The third installation is composed of two video footages and spoken words recorded by the artist’s mother, Noura, and recounts a revelatory experience when she saw in the distance a man on a horse with a face “shining in the field like a planet” relaying a greeting from her son Mahdi and enjoining her, in true Qur ʾ anic faith, not to be sad. The video performs nothing of the above-mentioned, rather it looks at the bush and scrub, at a footpath and up towards the sky. It neither delivers the miracle nor denies it. It simply looks for it while the voices tell of the visibly unavailable. A search for the renegade instant, for the eruption of the event from within time; before the second, just after the instant, through the blinding shine, underlies the three installations and the variety of stage settings.

film still, a rocky path on a hillside
Fig. 6: Hussein Nassereddine, Years of the Shining Face: She Walked On By, 2024. 2 channel video, color, sound infinite loop.

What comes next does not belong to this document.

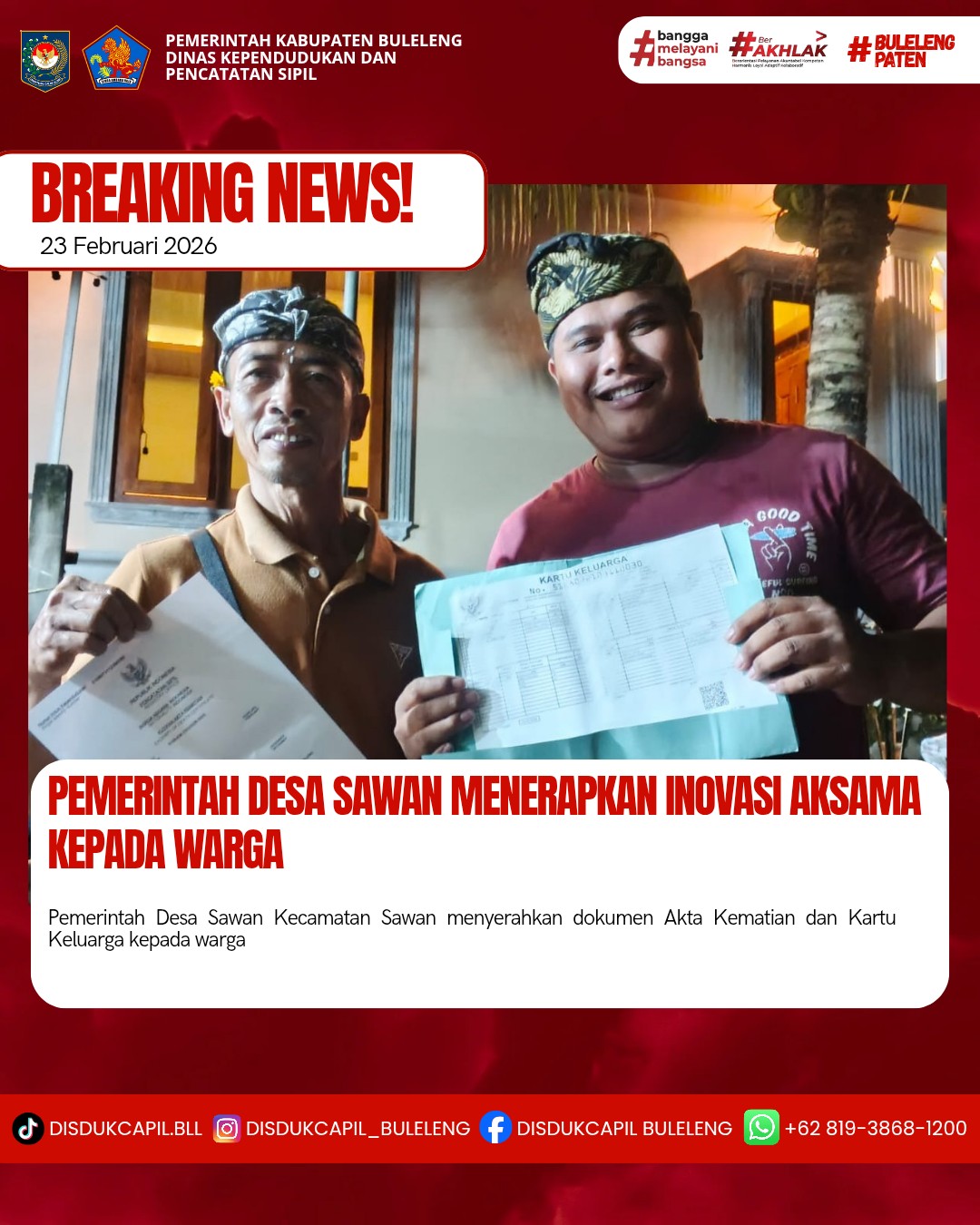 Pemerintah Kabupaten Buleleng melalui Dinas Kependudukan dan Pecatatan Sipil (Disdukcapil) Kabupaten Buleleng memaksimalkan serta mempermudah pelayanan kependudukan masyarakat dengan beberapa inovasi, yakni BALITA (Bayi Lahir Berakta), NYAKSI (Menyerahkan Akta Kawin Saat Acara Perkawinan) dan AKSAMA ( Akta Kematian Diserahkan Saat Masih Berduka) melalui aplikasi Aku Online. Di Desa Sawan Kecamatan Sawan, telah diterapkan program Aksama (Akta Kematian Diserahkan Saat Masih Berduka) yang dilakukan secara langsung oleh Kadus Kawanan Desa Sawan menyerahkan Akta Kematian atas nama Ketut Yata dan Kartu Keluarga di Desa Sawan, Kecamatan Sawan, Senin (23/2).

Is the exhibition Years of the Shining Face the work of an apostate, a revolutionary, a prophecy seeker, or a pious orthodox? Is it an invitation to muse over lost times and long for their return, or is it a call to be patient and await the call of the caller? Or is it rather a bid to exit into the non-time of ecstasy? Nassereddine’s art is at its beginning, and the succeeding chapters of his journey will have much to tell. But for now, as we walk the halls of his current exhibition, smitten and bewildered, it seems plausible to say that his art is one that knows well how to use image and text, and yet it is an art that is moving away gingerly towards light and sound. It is also an art that understands the thrills of spectating and the immersivity of reading, but chooses instead the blinding light and the humbleness of hearing. And what it has for a guide, in its long journey, is the voice of the singer. Absent yet intimated throughout the exhibition, it is the singer’s voice that gathers the many contentious temporal strands of the exhibition. For it is the singer who also can bend time, can halt it and enthrallingly slip between its instants in an experience which “Arabs have named tarab and in their language have defined as a levity which seizes in happiness or in sadness.”9 Tarab, the furtive guiding concept of the exhibition, and a term jealously kept absent from the plenteous lexicon of the exhibition.

Exhibition Details

Hussein Nassereddine - Years of the Shining Face
6 February – 6 June 2025, Beirut Art Center.


  1. The full verse reads: وَيَسۡتَعۡجِلُونَكَ بِٱلۡعَذَابِ وَلَن يُخۡلِفَ ٱللَّهُ وَعۡدَهُۥۚ وَإِنَّ يَوۡمًا عِندَ رَبِّكَ كَأَلۡفِ سَنَةٖ مِّمَّا تَعُدُّونَ (And they urge you to hasten the punishment. But Allah will never fail in His promise. And indeed, a day with your Lord is like a thousand years of those which you count.)
  2. إِنَّا سَـوْفَ تُدْرِكُنَا المَنَـايَا مُقَـدَّرَةً لَنَـا وَمُقَـدِّرِيْنَـا
  3. Gerhard Böwering, “The Concept of Time in Islam” Proceedings of the American Philosophical Society 141, no. 1 (March 1997): 57.
  4. Ibid, 58
  5. Louis Massignon, “Time in Islamic Thought” in Papers from the Eranos Yearbooks, Eranos 3: Man and Time, ed. Joseph Campbell (Princeton University Press, 1957), 108.
  6. As quoted in the exhibition in an evocation of the Pre-Islamic concept of the Days of the Arabs, ayyām al-‘Arab, which punctuated the duration of time with acts of prowess preserved in poetry.
  7. The public program of the exhibition lists musical evenings to be held on this stage.
  8. ≪لـو أن الفجـر، تأَخـر ثانيـة عـن موعـده لنجونـا، لكـن الموت ≫, Muhammad Ali Chamseddine, from أغنية كي تنام زينب in أناديك يا ملكي وحبيبي (Dar Al Adab, 1984), 89.
  9. Fadi El Abdallah, “Of That Music” Third Text 26, no. 4 (July, 2012): 491.